*Material supplied*:
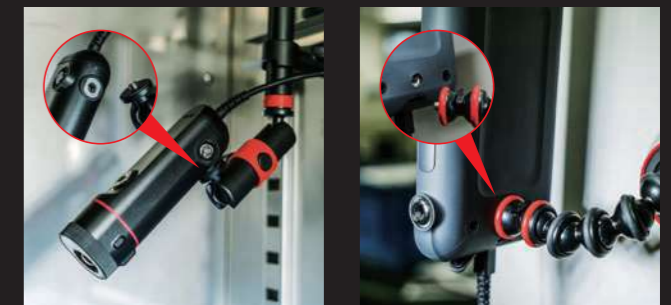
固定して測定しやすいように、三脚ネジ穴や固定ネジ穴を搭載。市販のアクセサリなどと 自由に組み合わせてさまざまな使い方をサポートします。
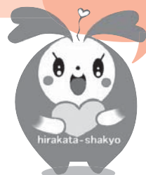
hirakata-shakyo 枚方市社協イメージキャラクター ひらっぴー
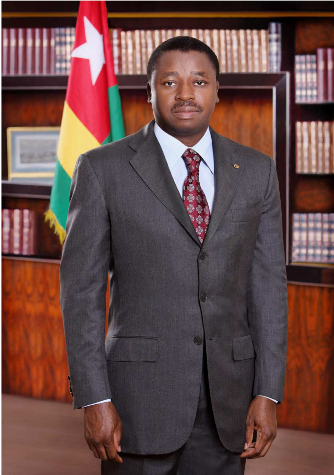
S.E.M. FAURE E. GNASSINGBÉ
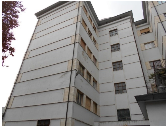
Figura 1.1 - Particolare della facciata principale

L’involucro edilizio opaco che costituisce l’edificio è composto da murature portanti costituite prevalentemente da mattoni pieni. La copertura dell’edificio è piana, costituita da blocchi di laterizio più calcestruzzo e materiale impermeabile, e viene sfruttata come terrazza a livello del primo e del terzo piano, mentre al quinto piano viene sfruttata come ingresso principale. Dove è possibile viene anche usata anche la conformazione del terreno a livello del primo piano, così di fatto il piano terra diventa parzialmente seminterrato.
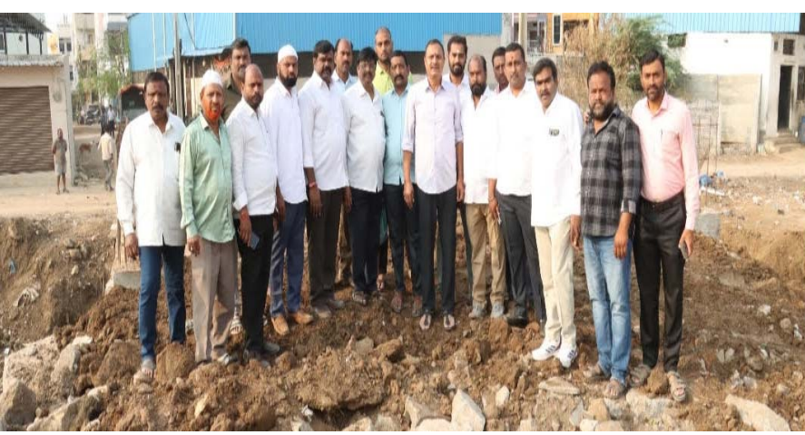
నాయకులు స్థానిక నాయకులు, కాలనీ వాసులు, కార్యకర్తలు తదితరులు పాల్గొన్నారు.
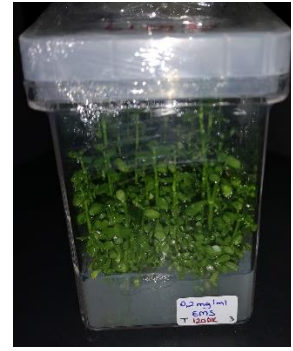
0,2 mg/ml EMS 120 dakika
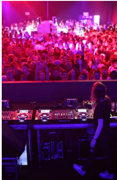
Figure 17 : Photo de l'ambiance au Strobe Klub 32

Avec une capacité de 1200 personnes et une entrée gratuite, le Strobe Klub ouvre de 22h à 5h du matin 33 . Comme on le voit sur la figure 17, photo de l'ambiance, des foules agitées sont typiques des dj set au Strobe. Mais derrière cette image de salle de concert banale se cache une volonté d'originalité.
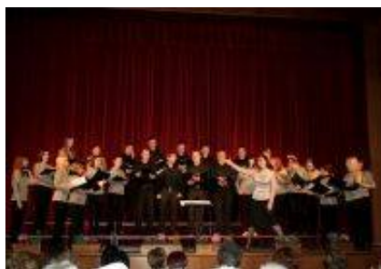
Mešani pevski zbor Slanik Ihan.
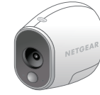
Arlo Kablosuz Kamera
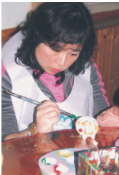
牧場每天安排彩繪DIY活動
...
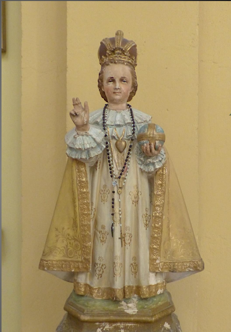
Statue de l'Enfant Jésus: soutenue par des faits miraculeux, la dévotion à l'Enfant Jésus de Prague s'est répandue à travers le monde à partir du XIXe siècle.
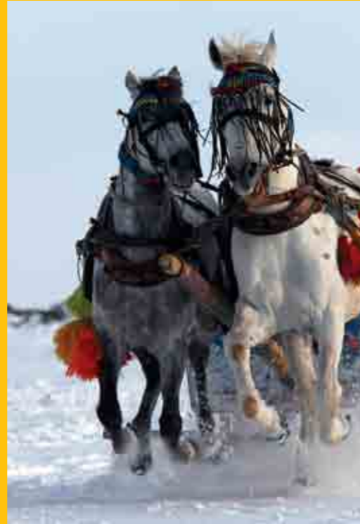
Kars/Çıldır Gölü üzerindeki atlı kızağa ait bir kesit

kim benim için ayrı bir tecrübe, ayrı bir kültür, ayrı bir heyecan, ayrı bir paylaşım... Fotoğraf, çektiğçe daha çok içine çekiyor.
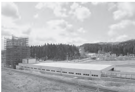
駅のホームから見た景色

*Assignment*: Reproduce the listing above exactly from the line containing "固定して測定しやすいように、" up to and including the line containing "牧場每天安排彩繪DIY活動", omitting any images and everything outside those lines.

*Response area*:
固定して測定しやすいように、三脚ネジ穴や固定ネジ穴を搭載。市販のアクセサリなどと 自由に組み合わせてさまざまな使い方をサポートします。
hirakata-shakyo 枚方市社協イメージキャラクター ひらっぴー
S.E.M. FAURE E. GNASSINGBÉ
Figura 1.1 - Particolare della facciata principale

L’involucro edilizio opaco che costituisce l’edificio è composto da murature portanti costituite prevalentemente da mattoni pieni. La copertura dell’edificio è piana, costituita da blocchi di laterizio più calcestruzzo e materiale impermeabile, e viene sfruttata come terrazza a livello del primo e del terzo piano, mentre al quinto piano viene sfruttata come ingresso principale. Dove è possibile viene anche usata anche la conformazione del terreno a livello del primo piano, così di fatto il piano terra diventa parzialmente seminterrato.
నాయకులు స్థానిక నాయకులు, కాలనీ వాసులు, కార్యకర్తలు తదితరులు పాల్గొన్నారు.
0,2 mg/ml EMS 120 dakika
Figure 17 : Photo de l'ambiance au Strobe Klub 32

Avec une capacité de 1200 personnes et une entrée gratuite, le Strobe Klub ouvre de 22h à 5h du matin 33 . Comme on le voit sur la figure 17, photo de l'ambiance, des foules agitées sont typiques des dj set au Strobe. Mais derrière cette image de salle de concert banale se cache une volonté d'originalité.
Mešani pevski zbor Slanik Ihan.
Arlo Kablosuz Kamera
牧場每天安排彩繪DIY活動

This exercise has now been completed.